This will be shown on trajectory diagrams below as a line in diagram.
Figure 4 shows the vector flow field for the two input conditions. Note
that the vectors are scaled from their true magnitude, but the relative
vector size still reflects relative change in {HU1, HU2}. " Fa"
and "Fb" represent the dynamics for the "a" input condition
and "b" input condition respectively. Note that Fa has an attracting
point near (0,.35), and Fb has an attracting point near (0,1). In the physical
metaphor the Fa landscape has a valley that slopes down to (0,.35), and
Fb has a valley that slopes down to (0,1). One can imagine placing a ball
on the Fa hill, letting it roll for a while, and then holding the ball steady
at some location while the landscape is instantaneously switched to Fb.
Now the ball will change directions and roll around to the other attracting
point.

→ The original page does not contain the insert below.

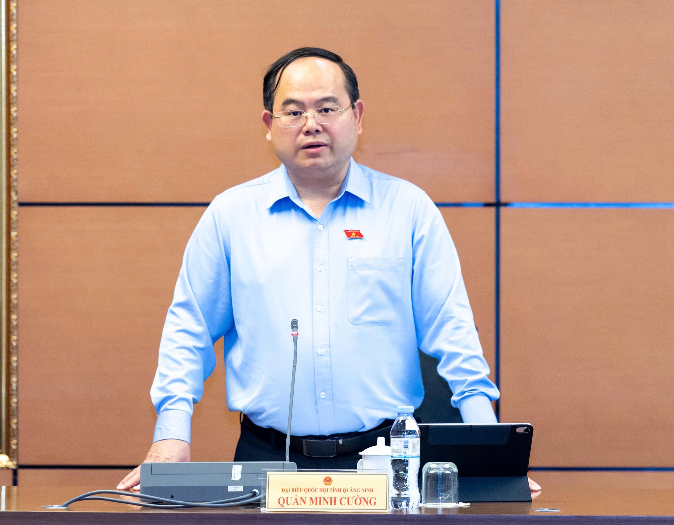 Trưởng Đoàn ĐBQH tỉnh Quảng Ninh Quản Minh Cường phát biểu. Ảnh: Mạnh Hưng

This is exactly analogous to feeding the network some strings of
the form "aa...aabb...bb".
The landscape analogy has at least one caveat. In real landscapes a ball
will roll quickly down from a hilltop and perhaps roll past a small valley,
depending on speed, momentum, etc.. However, in the RNN dynamics there is
an important rule of thumb: the trajectory will always have small changes
near a fixed point - for both attracting and repelling points.
Figure 5 shows the trajectory for some short strings, n=2 and n=3. Each
arrow represents 1 time step, hence 1 input. The tail of the arrow is the
value of {HU1, HU2} before the time step (i.e. the copy units) and the head
represents the updated value of {HU1, HU2} after applying the activation
functions. Note that the initial value was chosen by allowing the network
to run for one or two short strings. Importantly, the last "b"

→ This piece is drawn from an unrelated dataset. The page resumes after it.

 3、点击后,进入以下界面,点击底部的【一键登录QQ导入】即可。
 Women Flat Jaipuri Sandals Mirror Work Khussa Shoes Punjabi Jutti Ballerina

input results in a change in {HU1, HU2} that crosses over to the left of
the dividing line, hence the network properly predicts an "a"
when the last "b" is input. Not surprisingly the last {HU1, HU2}
value is near the initial starting value.

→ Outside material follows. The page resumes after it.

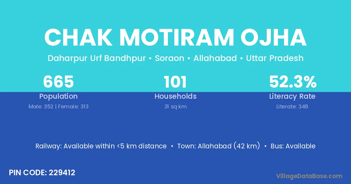 Allahabad (42 km) is the nearest town to Chak Motiram Ojha village for major economic activities and is located approximately 42 km away.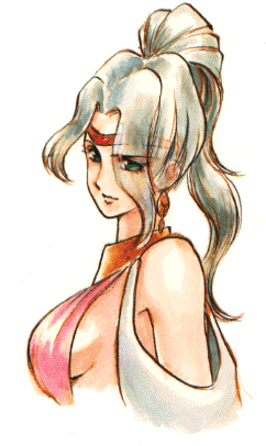 This mysterious woman appears in all five Suikoden games, as well as Suikogaiden and Suikoden Tactics. Through each installment, she appears to be the same age, and tends to wear even more revealing outfits, if that’s possible. She mostly takes on the role of selling and equipping runes. Although she plays a passive role in the first three games, she finally becomes active in battle in the fourth and fifth games. Her past is mysterious, and no one is clear as to why she hasn’t aged.

Figure 6 shows the trajectories for longer strings: n=4 and n=5. As above,
the network trajectory correctly crosses the dividing line on the last "b"
input. Figure 7 shows the trajectories for n=8 and n=9. Note how the network
arrows are increasingly shorter near the Fa attracting fixed point. Also,
the first "b" input cause a transition to a region of phase space
where the arrows can take smaller step sizes as well. However, for n=9 the
network crosses the dividing line on the 8th "b", suggesting that
perhaps the step sizes are not properly matched.
One important feature is that the case 1 network performed most of the processing of "a" input along the HU2 axis, and most of the processing for "b" input along the HU1 axis. In fact, Fa monotonically decreased in HU2, and Fb monotonically decreased in HU1, which intuitively suggests that the network is "counting a's" and then "counting b's", with a transition from "a" to "b" that attempts to set up a proper "b" starting point.
5.2 Case 2
The case 2 network also has output values that divide the phase space along
a nearly vertical line (but not all networks have vertical dividing lines).
The flow fields in figure 8 show that Fa has an attracting point near (0,.85).
The Fb also seems to have an attracting point near (.4,.8), however, the
dynamics for Fb turn out to be more complicated. In fact, with simple computer
iteration of the network activation functions it was determined that Fb
will eventually settle into a periodic-2 fixed point. Therefore in figure
9 I show the dynamics for Fb and for Fb^2, (the composite of Fb with itself).
One can now see that Fb^2 has 2 fixed points, near (0,.4) and (1,1). Since,
a fixed point for Fb^2 is a periodic point for Fb, we can see that the Fb
vector flow field shows not an attracting point but actually a repelling
point. The trajectories will show that the network oscillates around the
repelling point and eventually settles into the periodic 2 fixed point.
The oscillations are the reason that the vectors point toward the repelling
point in the Fb dynamics in figure 8. The landscape metaphor would be a
large hill with a valley below it, but the valley has a smaller hill in
the middle of it such that a ball will roll down the hill towards the small
hill but then roll towards the lower points in the valley.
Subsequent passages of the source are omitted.